“All of us, all the time, on the line, end of the road, edge of town. We revise and we reconsider. We are all of us heading toward oblivion all the time. We can re-shape and alter – through art, through religion, through love, through sex, through demented denial – but we do not have a clear line from birth to death. We dance a lot. We dream a lot. We are betrayed and we betray a great, great deal. And this is Blanche, who has been dancing a long time, and is now tired, and who is suspended from life for a time at the conclusion of this play, to gather her wits, to dance another dance, to meet another stranger. Of course I am Blanche. But so are you. And so is everyone else out there. The comedy comes from the denial of so many that they can’t understand her.”
Tennessee Williams on the character of Blanche, from “A Streetcar Named Desire
Tennessee Williams was and is a great poet and playwright, as well as being a deeply complex, fascinating human being. When I was a child, having seen and adored Gone With the Wind, which seeded my lifelong passion for film and that charming rogue (on screen, at least) Clark Gable – then not too long thereafter seeing A Streetcar Named Desire – both featuring the actress Vivien Leigh – it is an understatement to say that my little adolescent mind was blown. Blown.
This – this is where Scarlett O’Hara ends up?!! It could be argued that tying the two characters together directly makes little sense, but that’s exactly what I did and one assumes Elia Kazan, in casting Leigh, did as well, aware of that potent connection for audiences. GWTW was, after all, the biggest novel and film of the 20th century to date when Streetcar was filmed in 1951, a mere twelve years after GWTW opened to world-wide acclaim. That I saw both films as a middle-schooler and lost my little mind is unsurprising as my imagination has even been a gift and curse.
This is where Scarlett O’Hara ends up? Argh. Surely, surely she and Rhett get back together?! (The follow-up novel – Scarlett – which I read when it came out, was so bad and so forgettable, I forget what happened, to any of the characters…!)
And then, gentle reader, I saw That Hamilton Woman, also featuring Leigh, playing opposite to her paramour and future husband Laurence Olivier. Said to be Winston Churchill’s favorite film, it’s a fictional but historically accurate (with some liberties taken) account of British naval hero Horatio Nelson’s greatest battles as well as his love affair with the beautiful but married and not quite upper-class (read: good enough for him) Lady Emma Hamilton (her portrait is featured).
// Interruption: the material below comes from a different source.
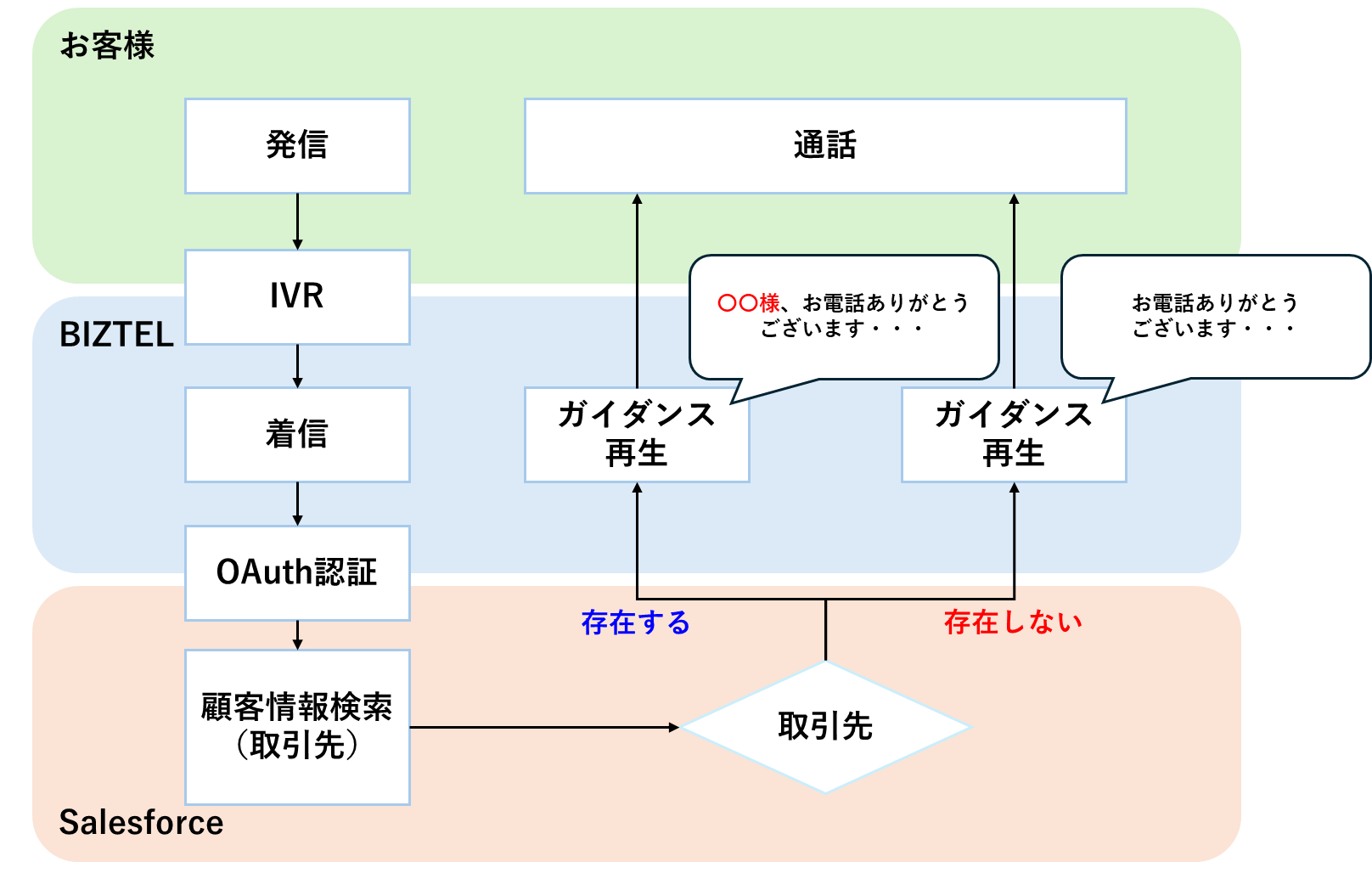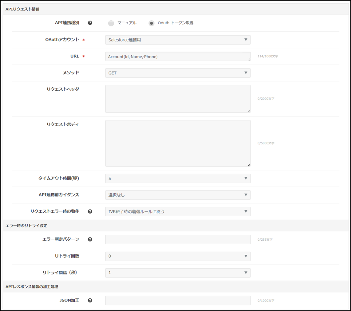 ・本事例の設定例を行うには「コールアクション連携」または「API連携IVR」オプションの契約が必須です。 ・OAuth認証を用いてWebAPIへ連携する場合は、「オプション」 > 「OAuthアカウント」の事前登録が必要となります。 ・コールアクション、IVR-APIをSalesforceで利用するにはOAuth認証が必須となります。 ※オプション > Salesforceアカウント設定はSalesforce履歴連携メニュー用となり、コールアクションには対応しておりません。 ・本事例の設定を行うためには、コールアクション、IVR-API、リアルタイム音声合成のオプション契約が必要です。 ・Salesforce側の設定は一例となりますので、設定内容・項目の詳細はセールスフォース・ジャパン社へお問い合わせください。 |

It’s a delightful film, in black and white but sumptuously costumed and set, filled with character actors doing their best stiff-upper lip style British thang – including the always wonderful Gladys Cooper – total catnip for the burgeoning film fanatic, but, like Streetcar, ultimately tragic, and haunting. When I am feeling particularly dramatic and full of myself, I like to pronounce the film’s final line: There is no then, there is no after. which is right up there with Blanche’s last line (it occurs to me that seeing these films during my highly charged adolescence might’ve been a bad thing?!): ‘Whoever you are – I have always depended on the kindness of strangers.”
In what way do these women resemble myself or any average person? They don’t, although love stories often end badly (tell me about it). And yet. Do we, ever, really regret those heady moments of love and infatuation? I don’t. Not really. Was I, often and often, an idiot, pursuing this or that crush or lover to the nth degree? Oh lordy, lordy, yes! Love is a drug; one of the most powerful.
When in love we are such fools. as we are in life itself. And that there is where these broken and bruised but – especially in Scarlett’s case – indomitable women do resemble us all. Proud, indignant, defensive, reactive, closed-off, reckless, too cautious, weak, blinded by love or hate or obsession, silly, greedy, doubtful – all of these and more.
“We are all of us heading toward oblivion all the time.” Best to have fun, and forgive – ourselves especially – along the way, eh? Eh.